Introduction: Solitary fibrous tumor (SFT) that mainly arise in the pleura, is rarely occurs in the spinal canal. Until now, 41 cases of SFTs arised in the spinal canal have been reported, 16 cases of which were intramedullary SFTs. Here, we reported a case of intramedullary SFT in the thoracic spine and review the literature.

Case Report: A-47-year-old female complained gait disturbance and right lower leg numbness for 4 years. Intramedullary tumor was observed at Th2-Th3 level on MRI. The tumor showed isointensity on T1-weighted images, and hypointensity on T2-weighted images. It was homogeneously enhanced by gadolinium. Tumor resection with Th1-Th3 laminectomy was performed. Histopathological findings showed spindle-shaped cells proliferated irregularly with collagen fibers. Immunohistochemical staining revealed CD34 positive, and EMA, S-100 protein and GFAP were negative, so the diagnosis was SFT. After 3 months, she can walk without any aid. Six months after surgery, MRI showed no obvious recurrence of SFT.

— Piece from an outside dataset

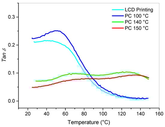 After being tested isothermally, the same samples were further analyzed by a ramp rate DMA test (Figure 7). The system cured at 140 C displayed two Tanδ peaks at 65 and 126 C. The resin cured at 150 C displayed one peak at 134 C and a shoulder at about 67 C. The specimen cured at 100 C showed a slight shift of the Tanδ peak from 45 C, measured for the LCD printed sample, to 50 C.

Discussion: SFT is a mesenchymal tumor that was first reported as a localized pleural tumor in 1931, and was later reported to occur systemically. Since 1996, 41 cases of SFTs occurring in the spinal canal have been reported, and we analyzed these papers. The male-female ratio was 1.28:1 and the average age of onset was 51.1 years (17-83 years). Tumors occurred in 34.1% at the cervical level, 61.0% in the thoracic level, and 9.8% in the lumbar level. Tumor localization was 22.2% epidural, 33.3% intradural-extramedullary, and 36.1% intramedullary. On MRI findings, 78.6% of cases showed iso to hypo-intensity on T1-weighted images and iso to hypo-intensity on T2-weighted images. In gadolinium imaging, 80% were homogeneously contrasted. Immunohistochemical staining of SFTs shows positive for CD34 and negative for S-100 protein, GFAP, EMA, SMA and desmin. Differential diagnosis includes astrocytoma, ependymoma, hemangioblastoma, meningioma and schwannoma. A malignant case of SFTs occurring in the central nervous system is reported to be 5.8%, It has been reported that the recurrence rate of spinal SFTs was 14.8% in the case of total surgical removal and 80% in the case of partial removal.

Conclusion: We reported a rare case of SFT arise from spinal cord. Diagnosis should be done using MRI. Although most cases of SFTs are benign, recurrence cases and malignant cases have been also reported. Therefore, surgical total resection and careful long-term follow-up are important in treating SFTs of the spine.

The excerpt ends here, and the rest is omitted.